A healthy balance, and beer can be healthy in moderation. It can also kill you taken to excess. Our politicians need to likewise find a healthy balance in their governmental diets. Let's try to make them do just that.
I would rather drown...they say it is virtually painless after the drinking in of water...but I disgress...

Supply economics has been shown to be a "rich get richer" doesn't necessary trickle down...

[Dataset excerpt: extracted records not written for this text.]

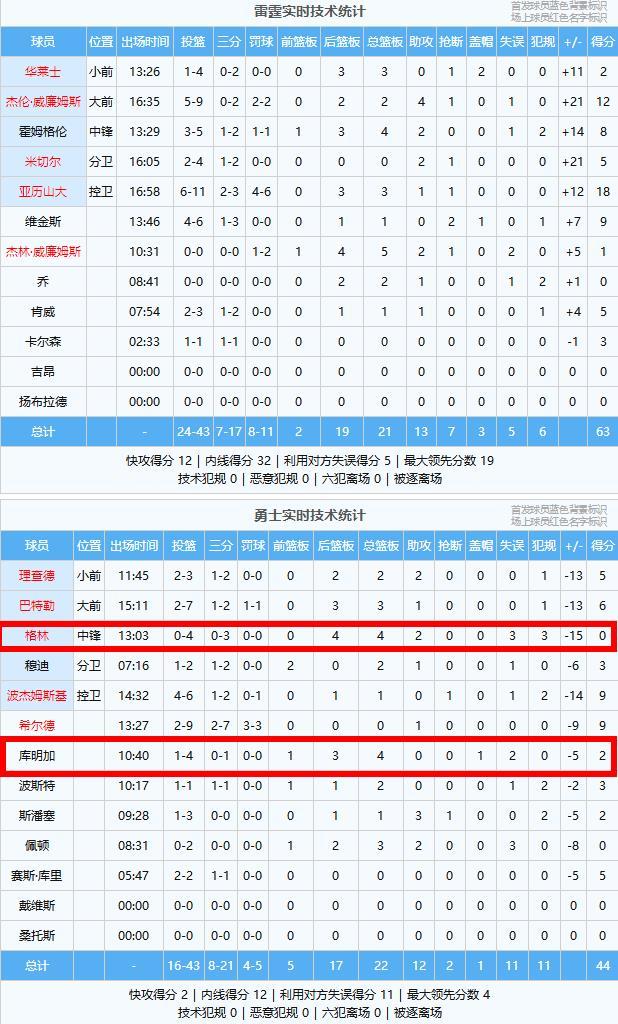 亚历山大18分3板1助、杰伦·威廉姆斯12分2板4助、维金斯9分2板、霍姆格伦8分4板2助、肯威5分1板1助、米切尔5分2助、卡尔森3分、华莱士2分3板2帽、杰林·威廉姆斯1分5板2助、乔1板1助
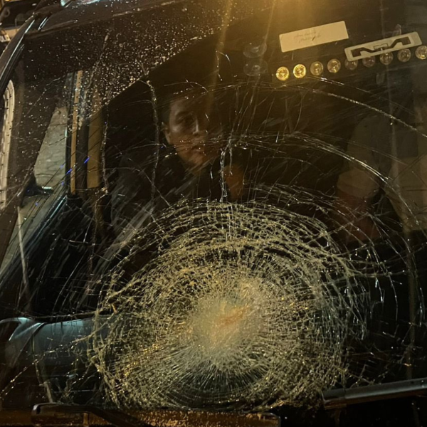 El mensaje fue acompañado de imágenes con los vidrios de los vehículos rotos, aparentemente por piedras lanzadas por los manifestantes en la provincia de Imbabura.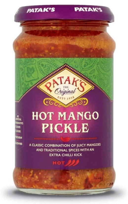 Our Hot Mango Pickle is a traditional Indian pickle with an extra chilli kick - combining juicy mangoes with chillies and traditional spices.Patak's authentic Indian Pickles are tantalising blends of exotic fruits and vegetables with carefully selected spices. Delicious and versatile, our pickles make a tasty accompaniment to your favourite curry and are great with a naan or pappadum. Or enjoy in a sandwich, salad or with cold meats to give an everyday meal a delectable Indian bite. Chilli rating - hot - 3, Gluten free, No artificial preservatives, colours or flavours, Suitable for vegetarians
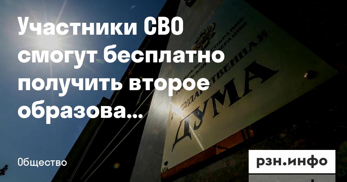 3 декабря Госдума одобрила в двух чтениях законопроект, который предоставляет участникам СВО возможность повторно получить среднее профессиональное образование по другой профессии или специальности бесплатно. Закон предоставляет определённые права следующим категориям лиц: тем, кто участвовал в отражении вооружённого нападения на территорию России, включая случаи вооружённых провокаций на государственной границе и в прилегающих к зоне СВО регионах; сотрудникам правоохранительных органов Российской Федерации, а также гражданам, выполнявшим служебные обязанности или аналогичные функции в зоне СВО и на территориях регионов, прилегающих к этой зоне; и ополченцам Донбасса.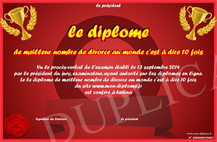 Envoyez par email votre le diplome de meilleur nombre de divorce au monde c'est à dire 10 fois personalisé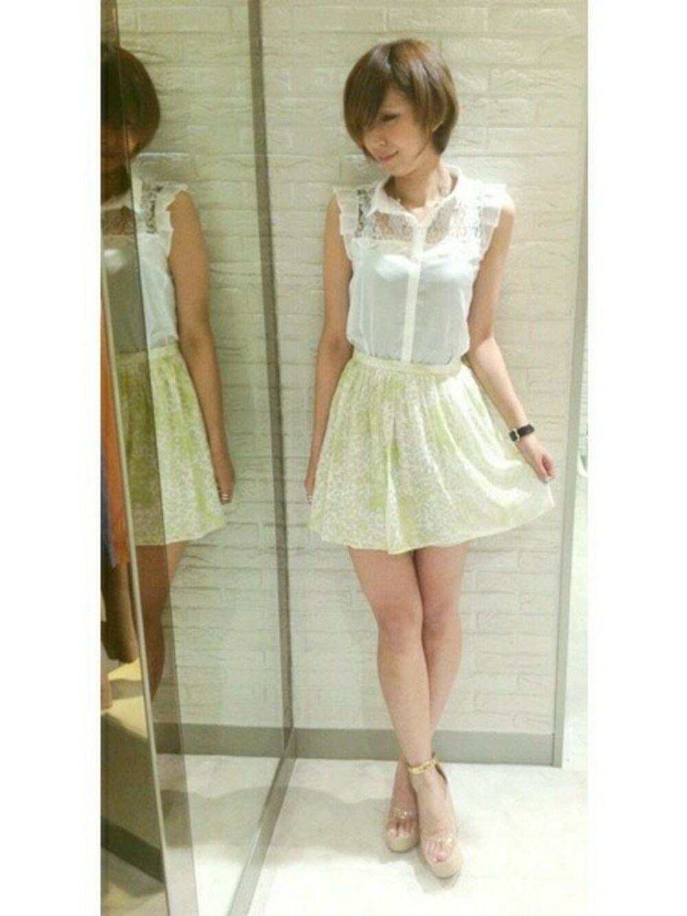 フリルとレースの組み合わせが とことんレディなブラウス♪ フレアが女の子らしいスカートと 合わせて、ちょっぴり甘めな デートスタイルの完成です♡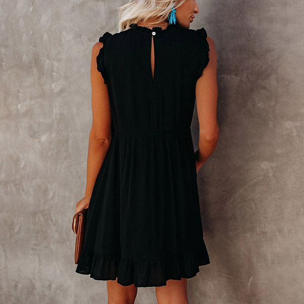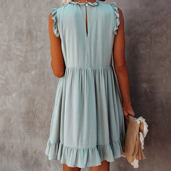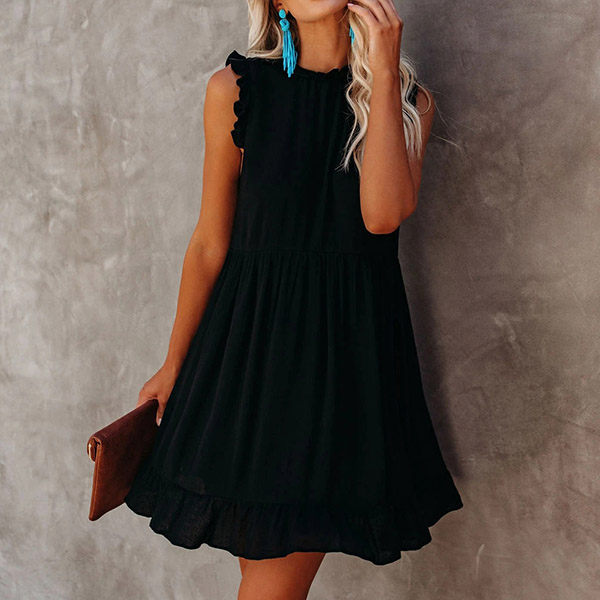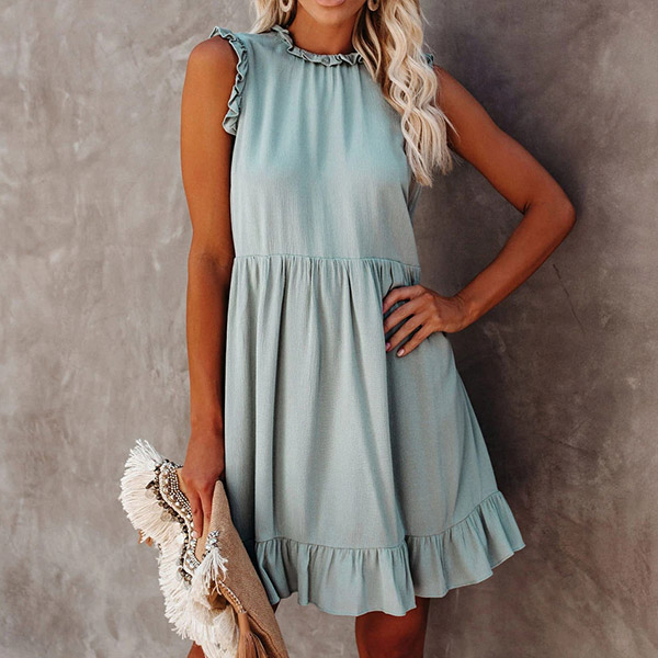 Simple Style Sleeveless Round Neck Ruffle Hem Solid Color Dress

Heavy taxation doesn't occur...Our tax code has too many loopholes for the affluent to get past, the real tax burden is on the dwindling middle class and lower income citizens...politicans would not get elected if they fleeced money from the pockets that get them elected...

We are an oligarchy...

Do libertarians have a platform as of yet? I dig some libertarian ideals...staying out of peoples business...but is there a clear political movement yet?
" Supply economics has been shown to be a "rich get richer" doesn't necessary trickle down..." -BigBuddhaPuppy

Yep! With "Supply Side" or "Reaganomics" the rich will get richer. When you cut the cost of building a new business or expanding an existing one....yea, those rich guys get richer. They also spend money to build. The building generates construction demand. That is potential new companies or added employees needed just to build. That's trickle down going to your industial construction crew. Without demand, the construction companies lose the incentive to make new hires or expand training. Newly created labor demand also leads to more competitive wages(which also get taxed).

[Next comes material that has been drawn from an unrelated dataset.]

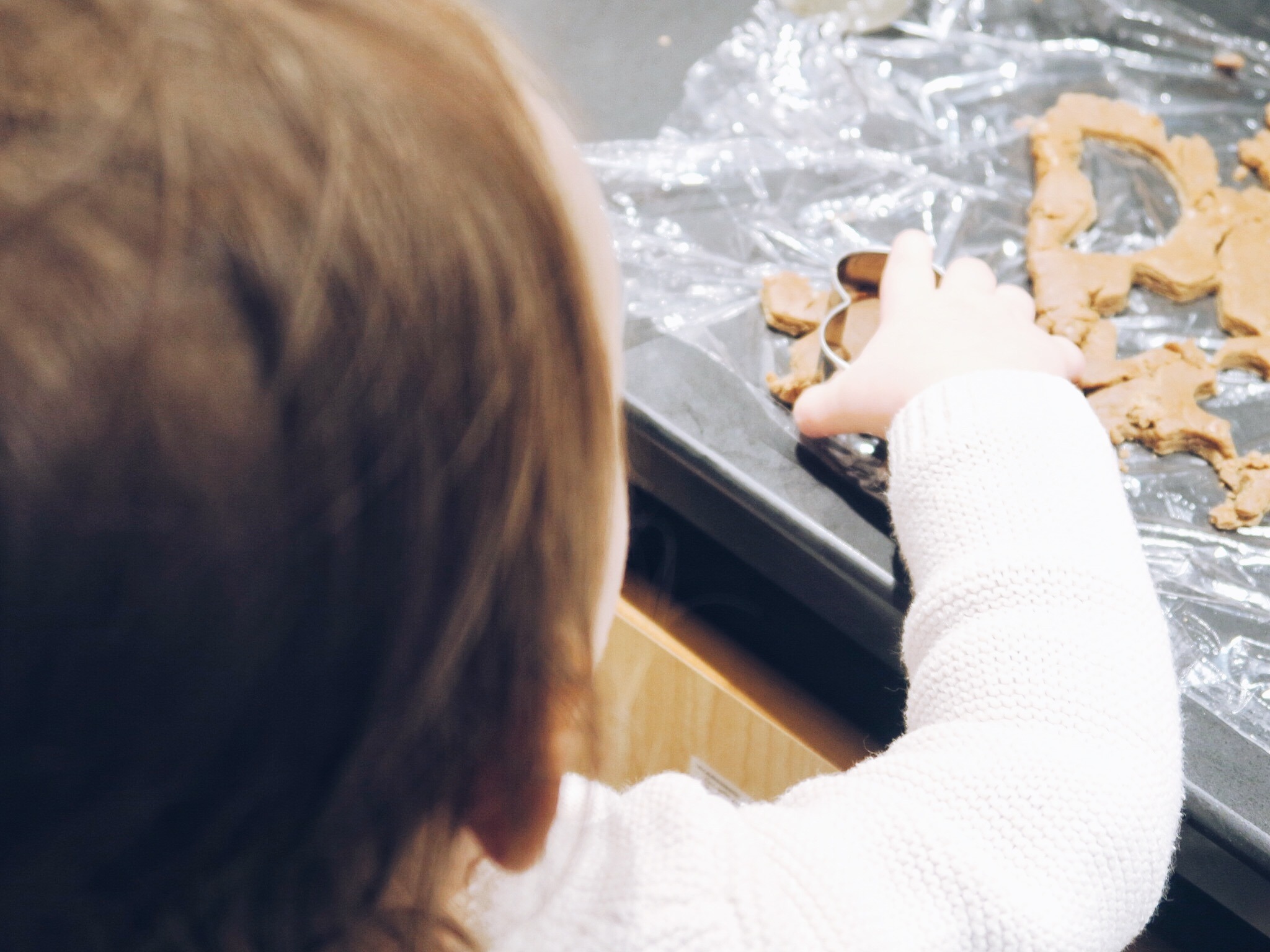The dough is really easy to make, and once you mix in the dry and wet ingredients you will just need to knead it a bit with your hands and roll it out. Then the fun of cutting your cookies can begin! 🙂

That's just in construction. After the new buildings are made, people are hired for the business, the business pays for services etc. etc.

It will stimulate the economy and it will "Trickle Down". Just as Taxes raised and spent on programs will. If we raise taxes and spend it on bridges to nowhere in Alaska or $72 toilet lid seats for the military, somebody benefits! The rich STILL get richer. It's just different rich people. No, it might not make sense for Sen. Byrd W.VA.-D to have a Naval base built in a land locked state but, that's what Pork bill spending is all about! Somebody gets rich whether your Republican or Democrat.

Taxing earnings is a deterrent to growth and a deterrent to earn more. A friend of mine is trying to find a way to earn less than $30k. He spoke of calling in sick through the year to accomplish that. The idea is that he wants to qualify for the Earned Income Tax Credit. The same thing happens with the rich. They either find a loophole, hide their true income, or try to persuade their elected officials to create a loophole or send some pork spending their way. Personally I'd prefer a consumption tax similar to the Fair Tax or HR Bill 25.

"Do libertarians have a platform as of yet? I dig some libertarian ideals...staying out of peoples business...but is there a clear political movement yet?"

There is a platform. The Libertarian Party has experienced quite a lot of growth. There's been more press than ever before. It is more successful in some areas than others. It does take quite a bit of work. I would refer you to our National site From there you can also find your state and local party. In my area we're fairly organized and trying to run local candidates but, I can't vouch for where ever you might live......yet. It is easier to become a big fish in a little pond. Small growing parties do have their advantages. In addition, let's face it. The two established parties need some competition to keep them in line!